- Diocese: Galway, Kilmacduagh and Kilfenora
- Installed: 1993
- Term ended: 2005
- Predecessor: Eamon Casey
- Successor: Martin Drennan

Orders
- Ordination: 20 June 1954 (Priest)
- Consecration: 28 March 1993 (Bishop)

Personal details
- Born: James McLoughlin 9 April 1929 Cross Street, Galway, Ireland
- Died: 25 November 2005 Galway Clinic
- Buried: Cathedral Crypt, Galway Cathedral
- Denomination: Roman Catholic Church
- Alma mater: Maynooth College

= James McLoughlin =

Irish bishop

James McLoughlin (9 April 1929 - 25 November 2005) was the Roman Catholic Bishop of Galway and Kilmacduagh and Apostolic Administrator of Kilfenora, Ireland for twelve years from 1993 to 2005.
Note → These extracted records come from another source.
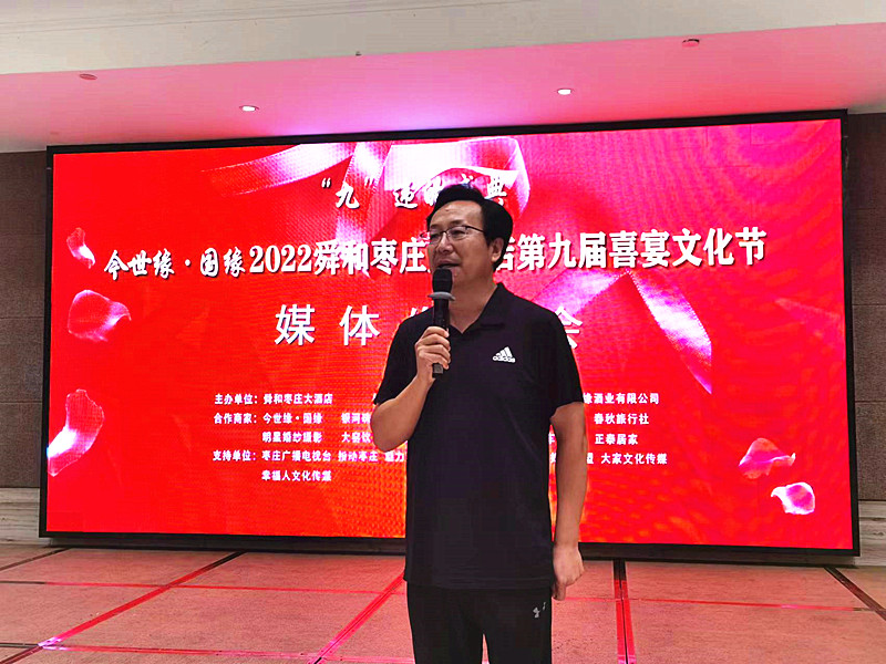 9月12日下午,由舜和棗莊大酒店主辦,棗莊市婚慶慶典協(xié)會(huì)、江蘇今世緣酒業(yè)有限公司協(xié)辦的”“九”違的盛典——今世緣·國(guó)緣 2022舜和棗莊大酒店第九屆喜宴文化節(jié)媒體發(fā)布會(huì)在舜和棗莊大酒店隆重舉行。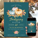 Rustikale Erntedank-Einladungen mit Aquarellfarben Herbstblumenkürbis Kunst auf aquamarinem Hintergrund.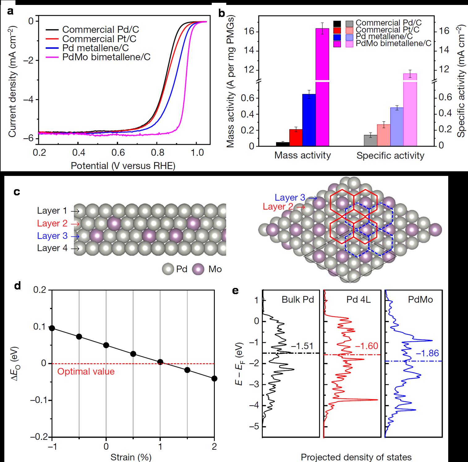 Fig. 2. Electrocatalytic performance and mechanism study. a, b, ORR polarization curves (a) and a comparison of the mass- and specific activities (b) of the stated catalysts in 0.1 M KOH at 0.9 V versus RHE. c, Left, side view of the atomic model of the four-layer PdMo bimetallene. Right, top view of the atomic model showing layers 2 and 3. In layers 2 and 3, each molybdenum atom is surrounded by six palladium atoms, indicated by the red (layer 2) and blue (layer 3) hexagons. d, Oxygen binding energy (ΔEO) of PdMo bimetallene as a function of compressive (negative) and tensile (positive) strains. The horizontal red line indicates the optimal ΔEO value. e, The projected electronic density of states of the d-band for the surface palladium atoms in bulk Pd, a four-layer Pd sheet (Pd 4L) and PdMo. The horizontal dashed lines indicate the calculated d-band centre.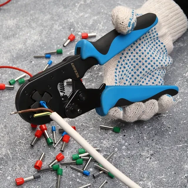 Кримпер HT-8164 предназначен для опрессовки штыревых наконечников сечением 6–16 мм². Корпус инструмента изготовлен из высокопрочной хром-ванадиевой стали с воронением, что обеспечивает длительный срок службы и устойчивость к механическим нагрузкам. Четырехсегментная саморегулирующаяся матрица с системой поворотных кулачков диафрагменного типа выполняет квадратный профиль обжима, обеспечивая равномерное распределение силы. Регулятор давления позволяет настроить оптимальное усилие обжима для разных типов клемм. Возвратный механизм автоматически возвращает ручки в исходное положение после каждого цикла обжима. Храповой механизм обеспечивает качественную опрессовку без преждевременного разжатия ручек. Двухкомпонентные нескользящие рукоятки выполнены из плотного синтетического материала, что делает работу комфортной и безопасной даже при длительном использовании.

==Early life and education==
McLoughlin was born in Cross Street in the centre of Galway City on 9 April 1929. His parents ran a small wholesale grocery business. He attended the Patrician Brothers primary school in Nuns' Island and St. Mary's College in Galway. He studied for the priesthood at Maynooth and was ordained on 20 June 1954.

==Priestly ministry==

After ordination he was appointed to the teaching staff of St. Mary's College, Galway where he developed interests in basketball and amateur dramatics, and was appointed diocesan secretary in September 1965, bring to that role a reserved dedication to duty, meticulous planning and financial acumen.

He left full-time teaching in 1983 and was appointed parish priest of Galway Cathedral.

==Bishop==
On 10 February 1993, the year after the sensational resignation of Bishop Eamon Casey, McLoughlin was appointed by Pope John Paul II as bishop of Galway and Kilmacduagh. His consecration took place in Galway Cathedral on 28 March 1993. After his death one obituary noted that McLouglhin's "quiet demeanour...intimate knowledge of Galway and his being a native son, made him the ideal man to assume responsibility for the diocese when Bishop Eamonn Casey resigned."

He served as chairman of the finance and general planning committee of the Irish Bishops' Conference.

In 2003 he was one of the first Irish bishops to announce the clustering of parishes in recognition of the falling number of priests, his diocese having had very few vocations or ordinations in the decade up to 2003.

McLoughlin announced his retirement on 23 May 2005 and on 3 July was succeeded as bishop of Galway and Kilmacduagh by Martin Drennan. He lived in Claregalway during his retirement, and died on 25 November 2005 in Galway Clinic. His funeral was held in Galway Cathedral, and he was interred in the crypt beneath the cathedral.